* **REQUIREMENT**: Transcribe exactly, and without pictures, only the lines from the one bearing "Greenlight Collectibles: The" through the final line of the data below.
===== DATA RECORDS
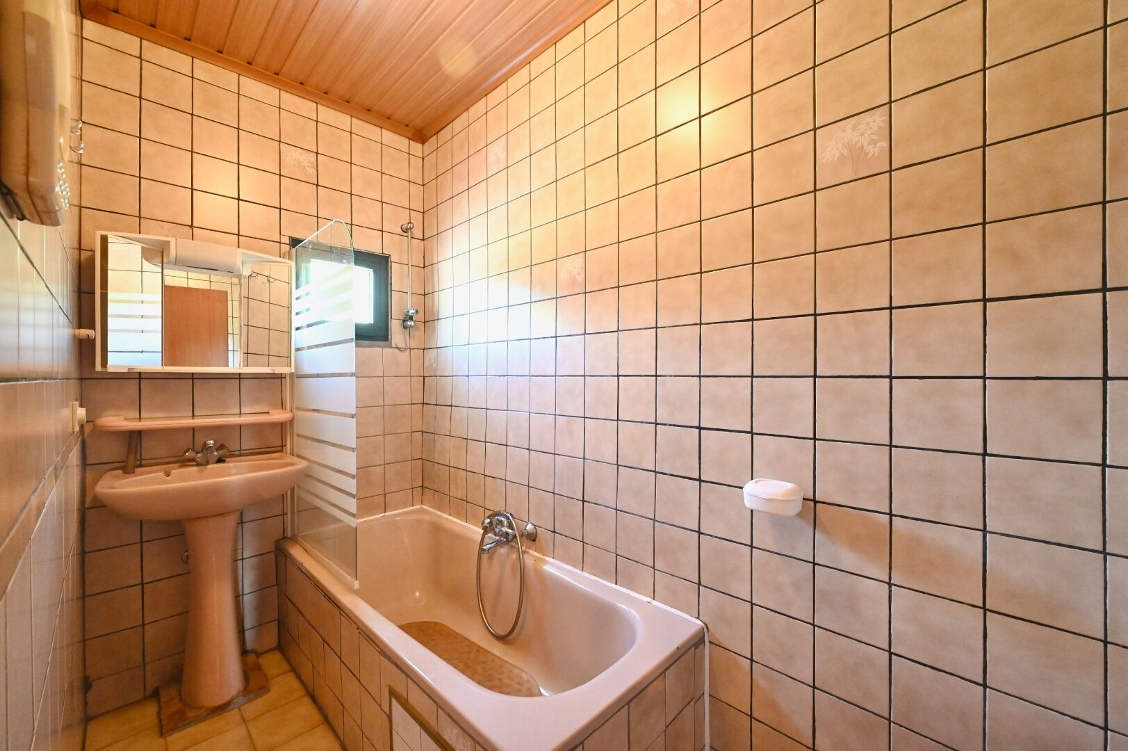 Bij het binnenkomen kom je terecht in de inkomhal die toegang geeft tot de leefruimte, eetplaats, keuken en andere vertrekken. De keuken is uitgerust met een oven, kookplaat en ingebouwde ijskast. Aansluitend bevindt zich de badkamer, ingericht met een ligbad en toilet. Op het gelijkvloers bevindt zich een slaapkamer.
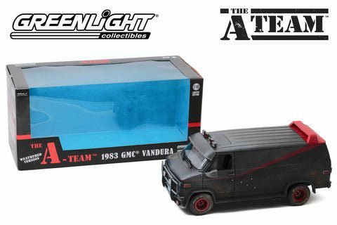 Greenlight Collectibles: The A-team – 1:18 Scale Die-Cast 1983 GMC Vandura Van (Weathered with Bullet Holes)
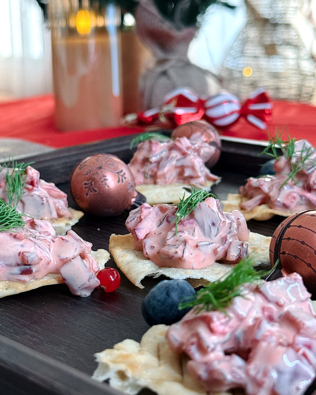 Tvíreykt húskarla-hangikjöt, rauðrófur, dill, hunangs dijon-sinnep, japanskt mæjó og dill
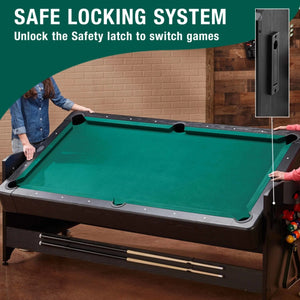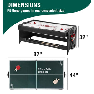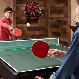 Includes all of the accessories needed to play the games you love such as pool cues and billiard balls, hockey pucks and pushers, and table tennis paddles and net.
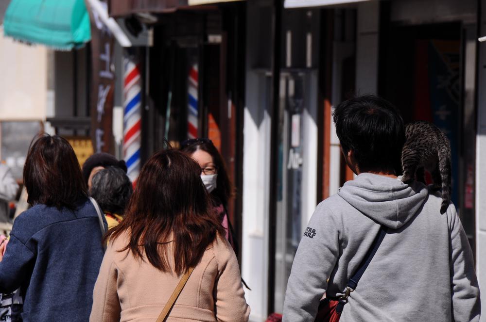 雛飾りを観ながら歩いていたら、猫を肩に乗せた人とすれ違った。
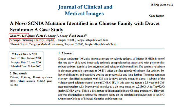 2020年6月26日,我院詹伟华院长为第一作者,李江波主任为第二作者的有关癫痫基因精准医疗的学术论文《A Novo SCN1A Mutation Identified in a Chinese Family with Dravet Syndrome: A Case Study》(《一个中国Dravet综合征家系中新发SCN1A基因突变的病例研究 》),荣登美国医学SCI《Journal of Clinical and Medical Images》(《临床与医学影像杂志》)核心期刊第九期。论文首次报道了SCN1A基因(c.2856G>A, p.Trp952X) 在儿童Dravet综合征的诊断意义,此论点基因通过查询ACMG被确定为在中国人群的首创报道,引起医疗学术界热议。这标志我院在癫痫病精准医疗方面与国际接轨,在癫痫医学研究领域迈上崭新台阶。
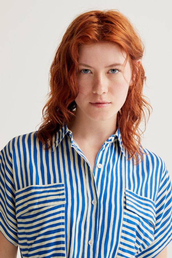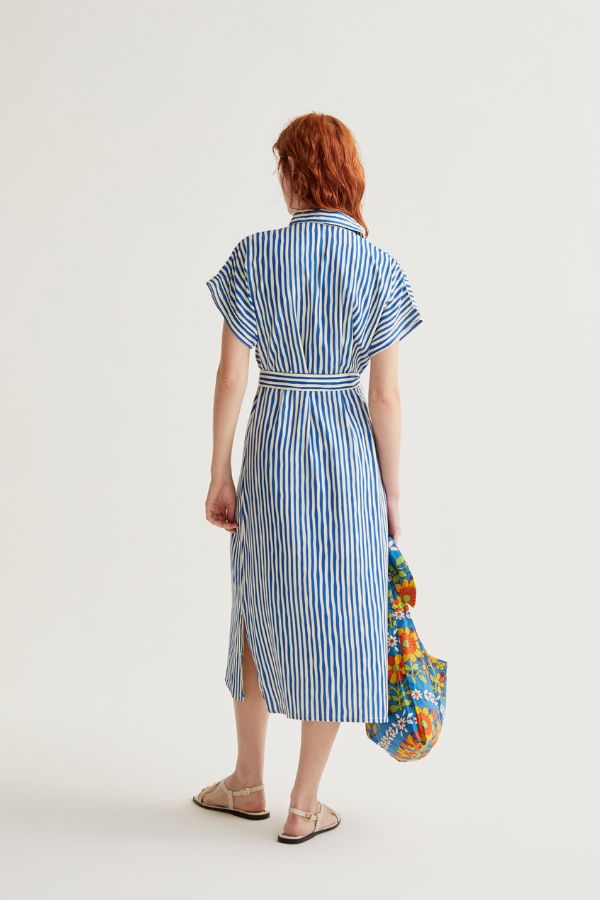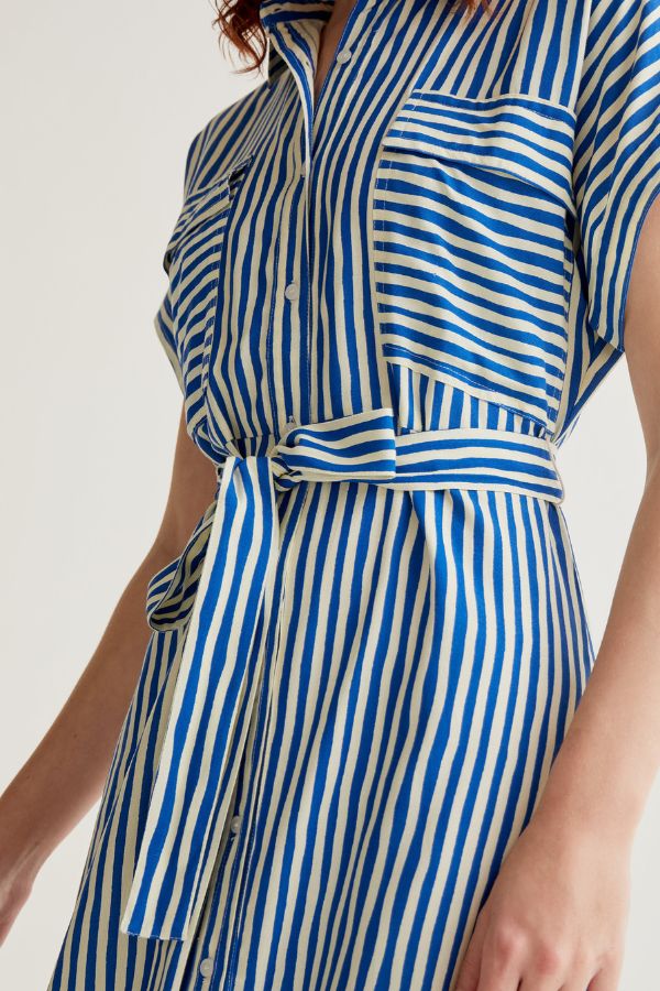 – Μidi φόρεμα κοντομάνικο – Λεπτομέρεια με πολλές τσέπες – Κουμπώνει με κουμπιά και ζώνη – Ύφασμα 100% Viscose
==========
* **TASK RESPONSE**:
 Greenlight Collectibles: The A-team – 1:18 Scale Die-Cast 1983 GMC Vandura Van (Weathered with Bullet Holes)
 Tvíreykt húskarla-hangikjöt, rauðrófur, dill, hunangs dijon-sinnep, japanskt mæjó og dill
 Includes all of the accessories needed to play the games you love such as pool cues and billiard balls, hockey pucks and pushers, and table tennis paddles and net.
 雛飾りを観ながら歩いていたら、猫を肩に乗せた人とすれ違った。
 2020年6月26日,我院詹伟华院长为第一作者,李江波主任为第二作者的有关癫痫基因精准医疗的学术论文《A Novo SCN1A Mutation Identified in a Chinese Family with Dravet Syndrome: A Case Study》(《一个中国Dravet综合征家系中新发SCN1A基因突变的病例研究 》),荣登美国医学SCI《Journal of Clinical and Medical Images》(《临床与医学影像杂志》)核心期刊第九期。论文首次报道了SCN1A基因(c.2856G>A, p.Trp952X) 在儿童Dravet综合征的诊断意义,此论点基因通过查询ACMG被确定为在中国人群的首创报道,引起医疗学术界热议。这标志我院在癫痫病精准医疗方面与国际接轨,在癫痫医学研究领域迈上崭新台阶。
 – Μidi φόρεμα κοντομάνικο – Λεπτομέρεια με πολλές τσέπες – Κουμπώνει με κουμπιά και ζώνη – Ύφασμα 100% Viscose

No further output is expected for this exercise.